Исходя из этих рассуждений, американский мыслитель делает вывод о том, что эффективный военно-морской флот должен состоять из небольшого количества мощных кораблей — capital ships, которые легко сосредоточить в одном месте для нанесения решительного поражения противнику. Во времена Мэхэна эту роль выполняли линкоры, защищенные броней и вооруженные крупнокалиберными орудиями. Пришествие авиации обесценило роль линкоров и заменило их авианосцами, которые прекрасно подходят под мэхэнов-ское описание.
Важным элементом теории «морской силы» стали военные базы. Мэхэн приветствовал приобретение стратегически выгодных территорий и строительство на них баз, которые обеспечивали бы флоту полную свободу действий, увеличивали его шансы на встречу с противником и навязывание ему генерального сражения, которое решило бы исход войны.

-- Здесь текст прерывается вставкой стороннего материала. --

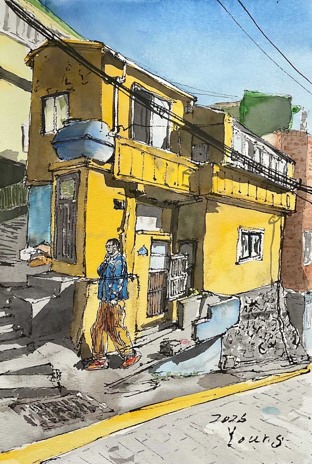 그리는 과정에서 실수가 있었다. 골목을 걷는 사람을 한 명 그려 넣었는데, 주변 집들에 비해 터무니없이 크게 그려진 것이다. 작은 동화 마을에 불시착한 거인처럼 비율이 어긋났다. "망했네." 작게 읊조렸지만 멈추지 않았다. 이미 그어진 펜 선은 돌이킬 수 없는 시간과 같다. 나는 그 위에 붓을 들어 짙은 노란색 물감을 칠했다. '옐로우 딥'과 '옐로우 오커'가 섞인 색이 종이 위로 번졌다.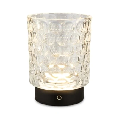 Elegant glass design - Stylish table lamp with robust glass body in an appealing grey, which not only illuminates but also serves as a decorative element Mood lighting as required - rechargeable lamp including 3-stage touch dimmer for setting the perfect brightness for every occasion (100%, 50%, 15%) Warm white LED light - night light equipped with a 2W LED module that emits a warm white light with 150 lumens and 2,700 Kelvin, ideal for a cosy atmosphere Flexibility and mobility - The LED lamp can be used anywhere and is easy to transport thanks to the replaceable rechargeable battery and convenient USB charging with the 0.5 m USB cable supplied For indoor and outdoor use - Splash-proof outdoor lamp with IP44 rating and additional mechanical on/off switch to protect against deep discharge

Теория Мэхэна вызвала подлинный интеллектуальный подъем в англосаксонском обществе. Как и в случае с «доктриной фронтира», она нашла своего почитателя в лице Теодора Рузвельта, приложившего много усилий для воплощения в жизнь доктрины Мэхэна. Одним из наиболее нашумевших его предприятий был поход «Великий белый флот» — кругосветное путешествие 16-ти броненосцев (1907–1909), призванное продемонстрировать всему миру величие США как морской державы. Именно Т. Рузвельт заложил традиции использования военно-морского флота как главного инструмента американской геополитики.

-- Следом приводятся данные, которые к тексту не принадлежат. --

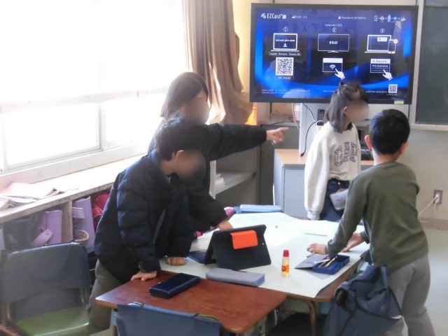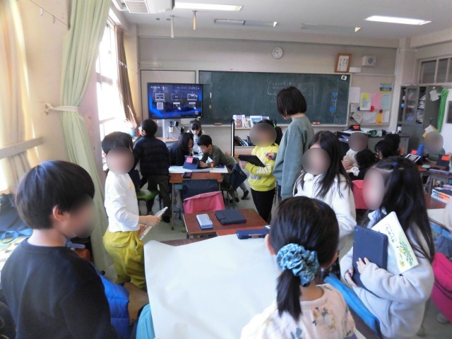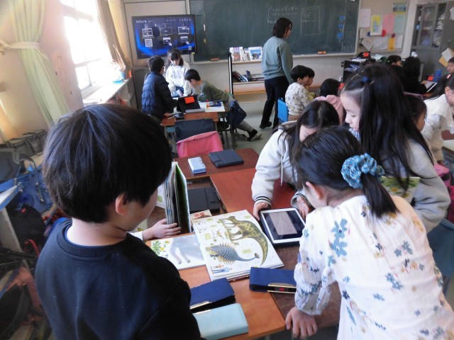 2年生が、来週、恐竜博物館見学を予定しています。今日は見学の前に、グループで恐竜について図鑑などを使ってしらべてまとめました。タブレットを使い下書きして、みんなで協力して模造紙に清書しました。伝えたいことがわかりやすく、しっかりと伝わるように、文字の大きさや書き方にも工夫しながら書きました。恐竜についてたくさん調べて、今度の見学もますます楽しみになったようです。

Другим важным шагом в создании англосаксонской геополитики стала теория британского географа и политического деятеля Халфорда Макиндера (1861–1947), который обратился к понятию «сердцевинная земля» (или Хартленд), господство над которой, по его мнению, дает ключ к глобальному доминированию. В его понимании Евразия и Африка образуют единый континент, который Макиндер называл «мировым островом». Именно через Хартленд пролегает «географическая ось истории»[21], вдоль которой разворачивались события, определявшие судьбы мира. Британец выводит свою знаменитую формулу: «Кто контролирует Восточную Европу — тот господствует над “Хартлендом”; кто контролирует “Хартленд” — тот господствует над “мировым островом”; кто контролирует “мировой остров” — тот господствует над миром»[22].

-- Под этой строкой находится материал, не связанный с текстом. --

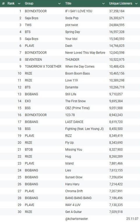 25년 남돌 누적청취자 순위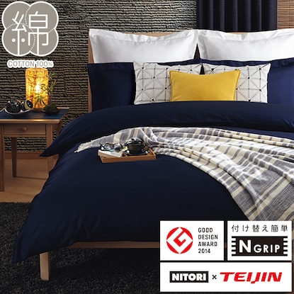 ※画像・イラストはイメージです。 シングルサイズ【NITORI×TEIJIN】美しい光沢がある高密度綿サテン生地を使用しています。 やわらかくなめらかな肌ざわりが特徴です。 付け替え簡単!ひもなしらくらくNグリップ 出し入れ簡単全開ファスナー スリット付き■打ち込み本数:400本 ※「打ち込み本数」とは、1インチ(2.54cm) 四方の「たて糸」「よこ糸」の合計本数のことです。 数値が多いほど、細い糸を使っているので、生地が柔らかく、きめ細かい生地になります。 250本以上のものを高密度な生地といいます。■組成 側生地:綿100% 滑りにくい部分(内側):ポリエステル100%■洗濯機OKこちらは掛けふとんカバーのみの販売です。

Очевидно, что важнейшей частью Хартленда Х. Макиндер считал территорию России и приложил немало усилий для пропаганды идеи отторжения у нее жизненно важных пространств (в частности, во время Гражданской войны он выполнял ряд дипломатических поручений при белом движении на юге России). «В этом мире, — писал английский исследователь, — Россия занимает центральное стратегическое положение, которое в Европе принадлежит Германии. Она может по всем направлениям, за исключением севера, наносить, а одновременно и получать удары. Окончательное развитие ее мобильности, связанное с железными дорогами, является лишь вопросом времени. Да и никакая социальная революция не изменит ее отношения к великим географическим границам ее существования»[23].